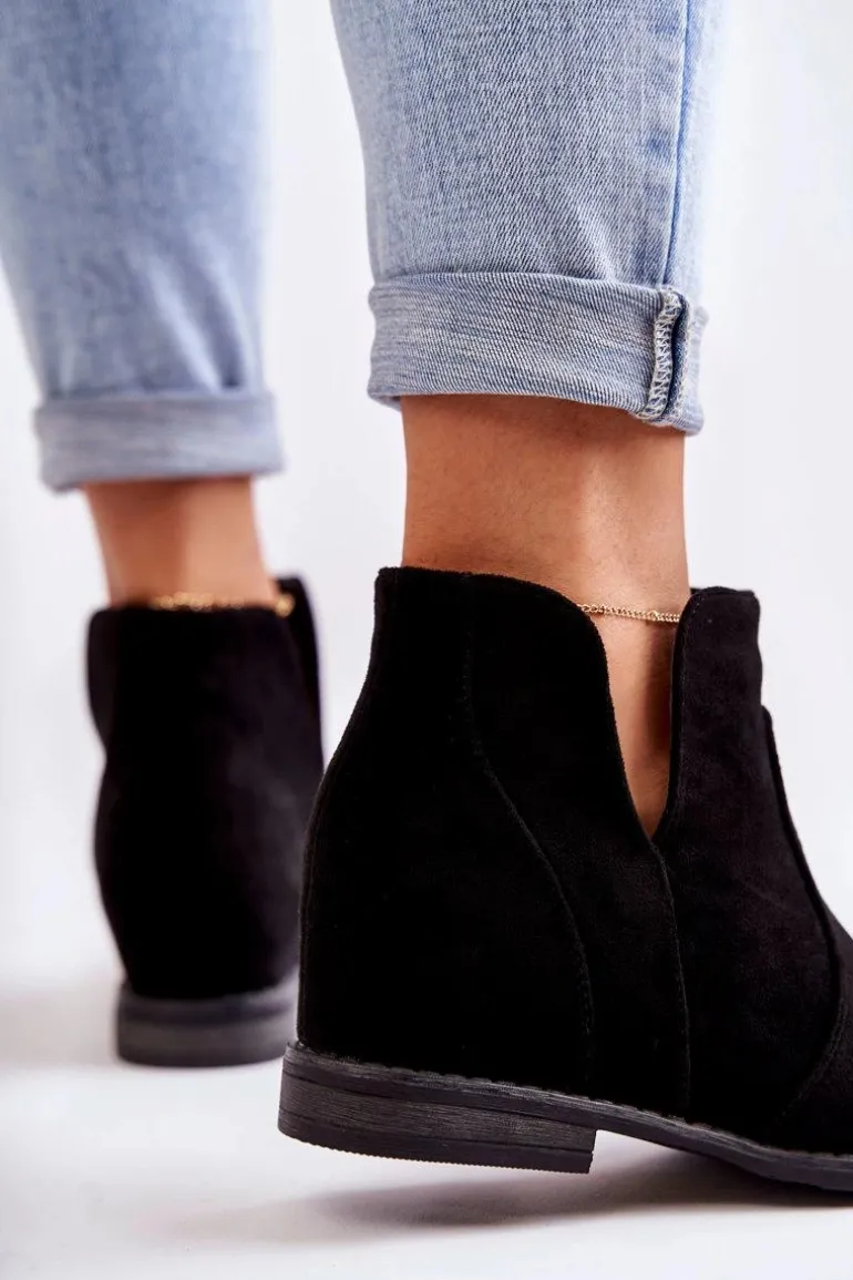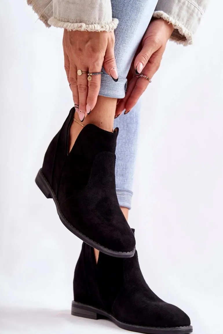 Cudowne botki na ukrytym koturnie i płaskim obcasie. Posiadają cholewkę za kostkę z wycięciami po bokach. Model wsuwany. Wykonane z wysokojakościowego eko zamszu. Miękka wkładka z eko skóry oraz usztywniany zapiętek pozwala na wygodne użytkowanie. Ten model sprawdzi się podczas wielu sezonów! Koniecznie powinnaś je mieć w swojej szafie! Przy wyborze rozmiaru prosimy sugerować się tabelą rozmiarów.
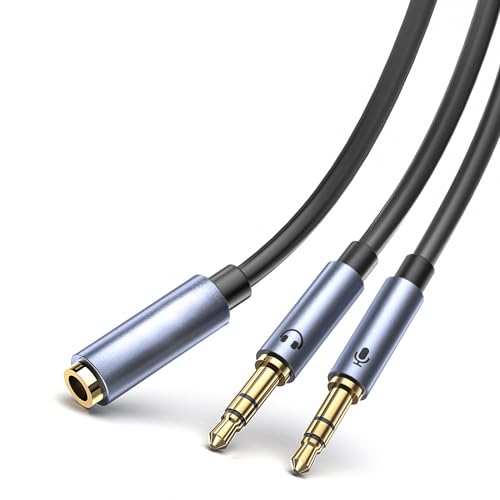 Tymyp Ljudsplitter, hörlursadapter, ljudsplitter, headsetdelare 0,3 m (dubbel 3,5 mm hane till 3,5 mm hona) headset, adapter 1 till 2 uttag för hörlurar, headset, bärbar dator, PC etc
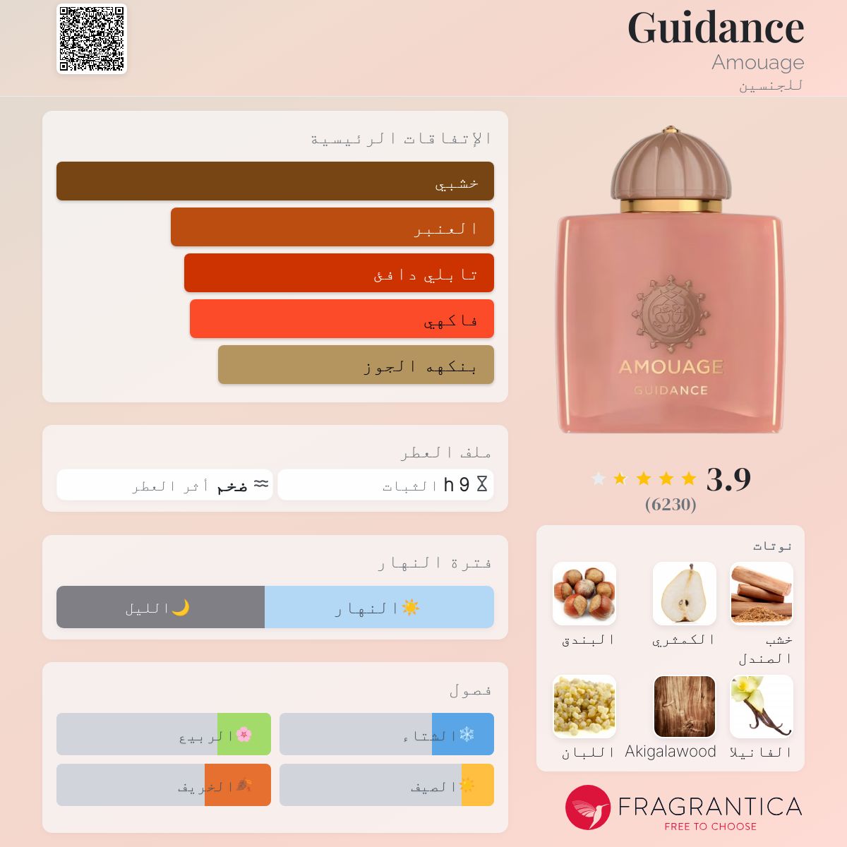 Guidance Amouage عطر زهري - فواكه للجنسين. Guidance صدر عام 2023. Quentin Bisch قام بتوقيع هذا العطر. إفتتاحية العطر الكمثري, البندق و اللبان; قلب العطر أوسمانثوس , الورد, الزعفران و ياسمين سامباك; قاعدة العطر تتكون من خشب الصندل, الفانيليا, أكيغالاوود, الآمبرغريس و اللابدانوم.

=-=-=-=-=

* Activity *
Give the data again exactly as written, with no pictures included.

* Reply to the exercise *
 Cudowne botki na ukrytym koturnie i płaskim obcasie. Posiadają cholewkę za kostkę z wycięciami po bokach. Model wsuwany. Wykonane z wysokojakościowego eko zamszu. Miękka wkładka z eko skóry oraz usztywniany zapiętek pozwala na wygodne użytkowanie. Ten model sprawdzi się podczas wielu sezonów! Koniecznie powinnaś je mieć w swojej szafie! Przy wyborze rozmiaru prosimy sugerować się tabelą rozmiarów.
 Tymyp Ljudsplitter, hörlursadapter, ljudsplitter, headsetdelare 0,3 m (dubbel 3,5 mm hane till 3,5 mm hona) headset, adapter 1 till 2 uttag för hörlurar, headset, bärbar dator, PC etc
 Guidance Amouage عطر زهري - فواكه للجنسين. Guidance صدر عام 2023. Quentin Bisch قام بتوقيع هذا العطر. إفتتاحية العطر الكمثري, البندق و اللبان; قلب العطر أوسمانثوس , الورد, الزعفران و ياسمين سامباك; قاعدة العطر تتكون من خشب الصندل, الفانيليا, أكيغالاوود, الآمبرغريس و اللابدانوم.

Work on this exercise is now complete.